3. The non-transitory computer-readable recording medium according to claim 2, wherein the reference energy is any one of minimum energy, maximum energy, average energy, median energy, or mode energy specified based on the energy corresponding to the protein.
4. The non-transitory computer-readable recording medium according to claim 1, wherein the process further includes inferring energy of a protein to be evaluated by acquiring structural information of the protein to be evaluated and inputting structural information of the protein to be evaluated to the model trained by the training processing.
5. The non-transitory computer-readable recording medium according to claim 1, wherein the process further includes training a high-dimensional neural network potential (HDNNP) as the model.
6. The non-transitory computer-readable recording medium according to claim 1, wherein the energy corresponding to the protein is time-series energy of the protein.

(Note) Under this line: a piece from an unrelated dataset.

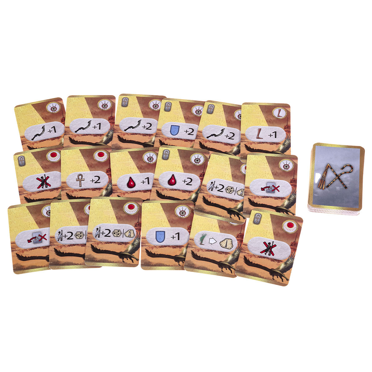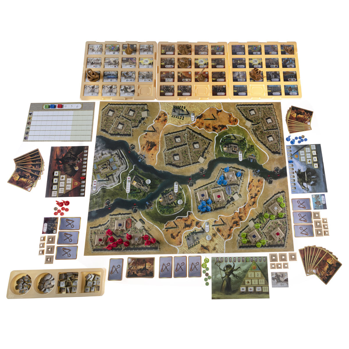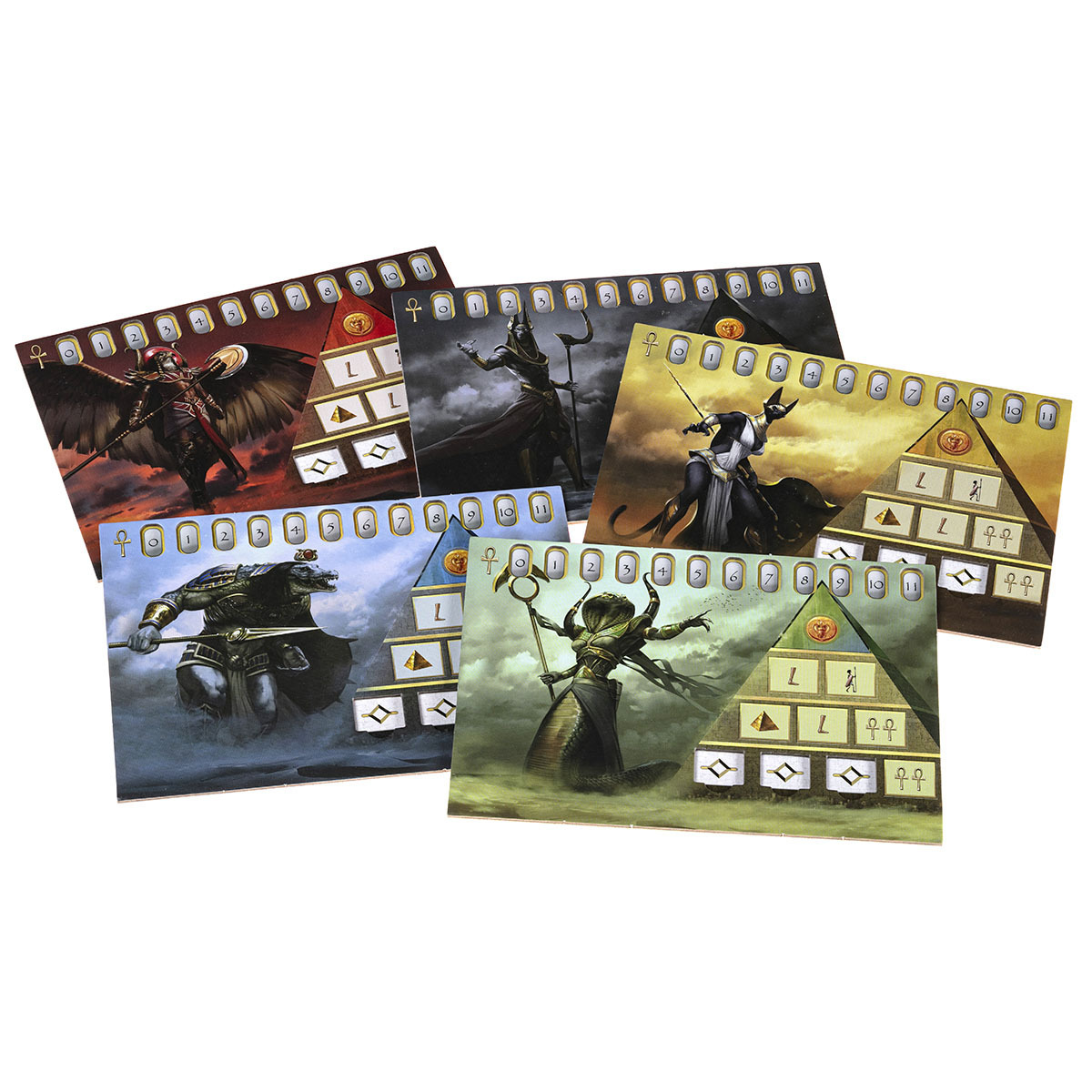В течение игры вы будете строить пирамиды и покупать жетоны способностей — и то и другое приносит постоянные бонусы. Помолившись, будете получать благословение богов. За очки молитвы можно нанимать воинов, а воинов, в свою очередь, перемещать по карте. Во время сражения (которое начинается, как только ваши войска оказываются на одной клетке с войсками противника) вы будете складывать боевую силы воинов с бонусами жетонов способностей, а также с бонусами разыгранной из руки карты. Основная цель — накопить максимальное количество очков славы. Получить их можно в сражениях, при покупке определённых жетонов и, конечно, за контроль территорий.

7. An information processing method comprising:
acquiring training data in which structural information of a protein is used as input data and a difference between reference energy specified based on energy corresponding to the protein and the energy is used as correct data; and
training a model for inferring energy of the protein based on the training data, by using a processor.

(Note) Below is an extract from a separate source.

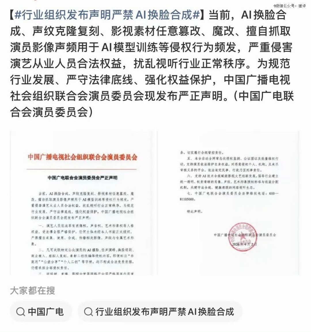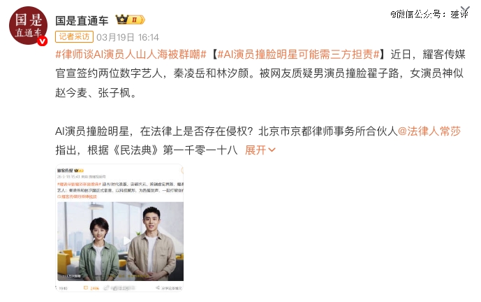 三家声明说的都是同一句话,没让你家AI用我的脸啊,别造谣。

8. The information processing method according to claim 7, wherein the correct data of the training data further includes the reference energy, and the information processing method is further includes training the model based on the training data in which the reference energy is further included in the correct data.
9. The information processing method according to claim 8, wherein the reference energy is any one of minimum energy, maximum energy, average energy, median energy, or mode energy specified based on the energy corresponding to the protein.

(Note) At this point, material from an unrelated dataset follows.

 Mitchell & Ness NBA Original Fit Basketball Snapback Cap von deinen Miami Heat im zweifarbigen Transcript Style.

10. The information processing method according to claim 7, further including inferring energy of a protein to be evaluated by acquiring structural information of the protein to be evaluated and inputting structural information of the protein to be evaluated to the model trained by the training processing.
11. The information processing method according to claim 7, further including training a high-dimensional neural network potential (HDNNP) as the model.
12. The information processing method according to claim 7, wherein the energy corresponding to the protein is time-series energy of the protein.
13. An information processing device comprising:
a memory; and
a processor coupled to the memory and configured to:
acquire training data in which structural information of a protein is used as input data and a difference between reference energy specified based on energy corresponding to the protein and the energy is used as correct data; and
train a model for inferring energy of the protein based on the training data.
14. The information processing device according to claim 13, wherein the correct data of the training data further includes the reference energy, and the processor is further configured to train the model based on the training data in which the reference energy is further included in the correct data.
15. The information processing device according to claim 14, wherein the reference energy is any one type of energy out of minimum energy, maximum energy, or average energy specified based on time-series energy of the protein.
16. The information processing device according to claim 13, wherein the processor is further configured to infer energy of a protein to be evaluated by acquiring structural information of the protein to be evaluated and inputting structural information of the protein to be evaluated to the model trained by the training processing.
17. The information processing device according to claim 13, wherein the processor is further configured to training a high-dimensional neural network potential (HDNNP) as the model.
18. The information processing device according to claim 13, wherein the energy corresponding to the protein is time-series energy of the protein.